> _Work to be completed_
Exactly retype the lines from the top of the data through the line containing "品名:台灣製2尺(60cm)", leaving out every picture.

> _Exercise data_
++++++++
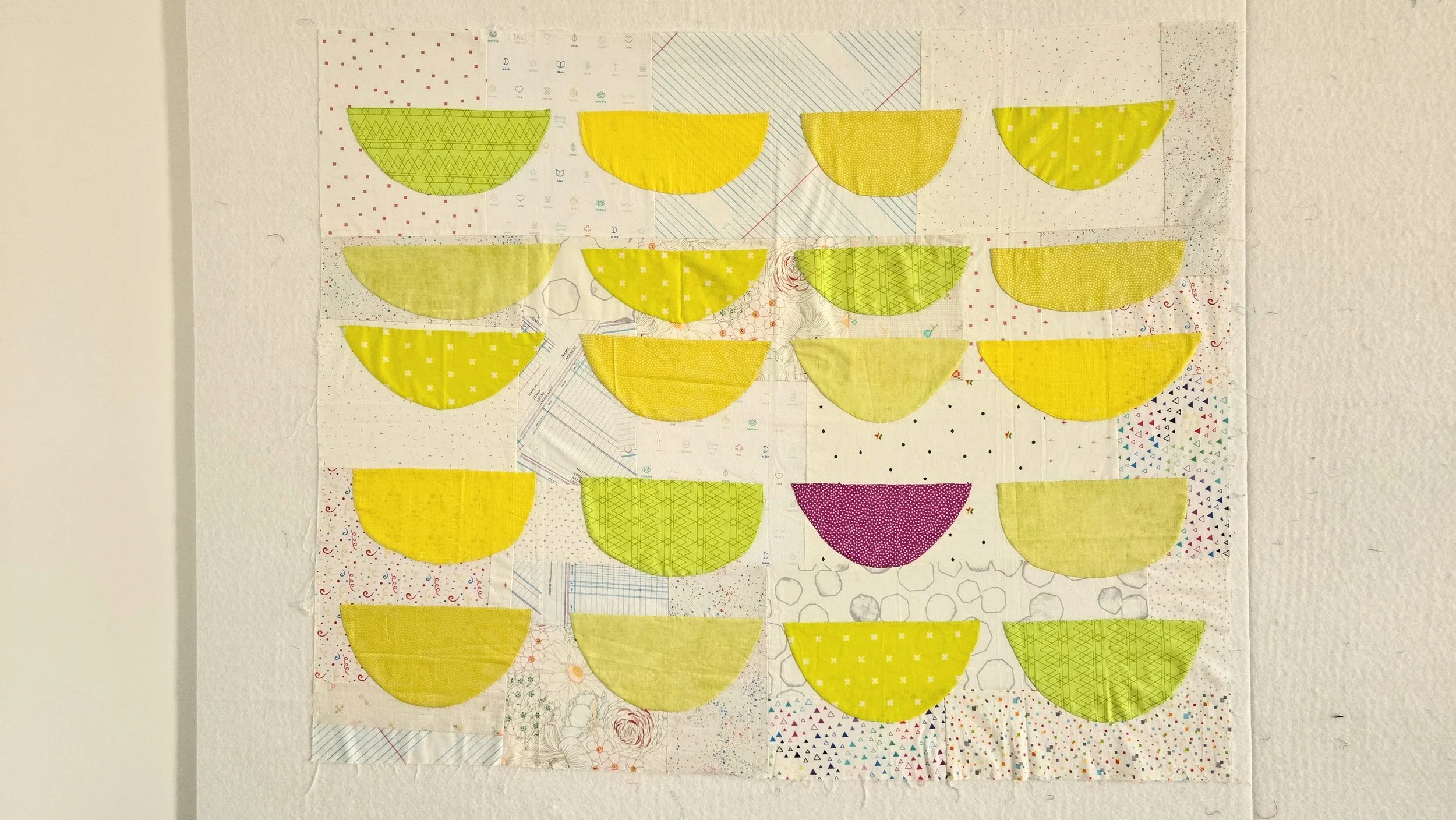 I used a pile of low volume scraps to make a big slabs and grabbed a stack of fabric on my way out the door to teach Improv Applique. It was so unplanned I didn’t have thread for the applique and had to shop the floor of the quilt show before my class started! As is the case in this class, the shape was improvised on the spot. Maybe I had the idea before? I don’t remember. Regardless, it’s a good shape to teach because we have curves and corners.
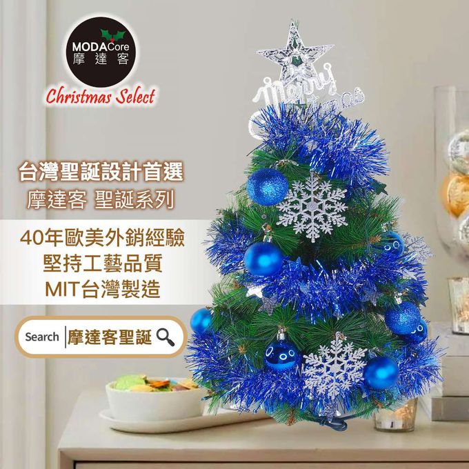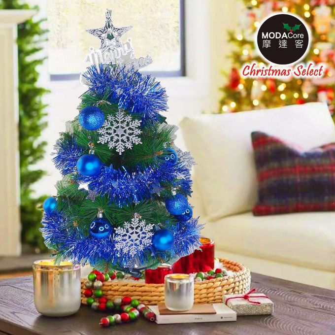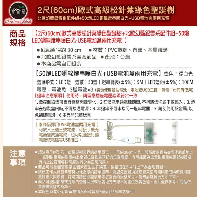 品名:台灣製2尺(60cm)歐式高級松針葉綠色聖誕樹+北歐幻藍銀雪系配件組+50燈LED銅線燈串暖白光-USB電池盒兩用充電 /本島免運費MIT歐美外銷款
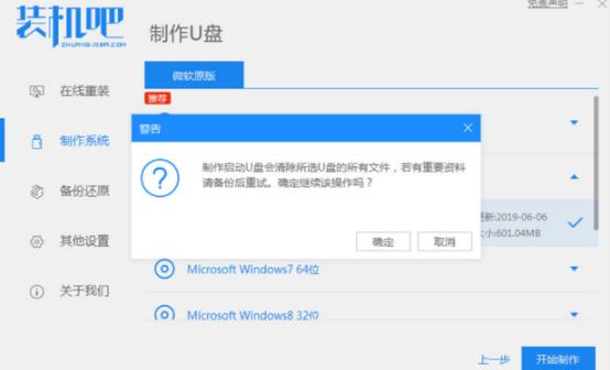 3、这里要注意,u盘制作启动盘时会被格式化,我们需要确保里面没有重要数据再点击确定。
++++++++
> _Result of this exercise_
 I used a pile of low volume scraps to make a big slabs and grabbed a stack of fabric on my way out the door to teach Improv Applique. It was so unplanned I didn’t have thread for the applique and had to shop the floor of the quilt show before my class started! As is the case in this class, the shape was improvised on the spot. Maybe I had the idea before? I don’t remember. Regardless, it’s a good shape to teach because we have curves and corners.
 品名:台灣製2尺(60cm)歐式高級松針葉綠色聖誕樹+北歐幻藍銀雪系配件組+50燈LED銅線燈串暖白光-USB電池盒兩用充電 /本島免運費MIT歐美外銷款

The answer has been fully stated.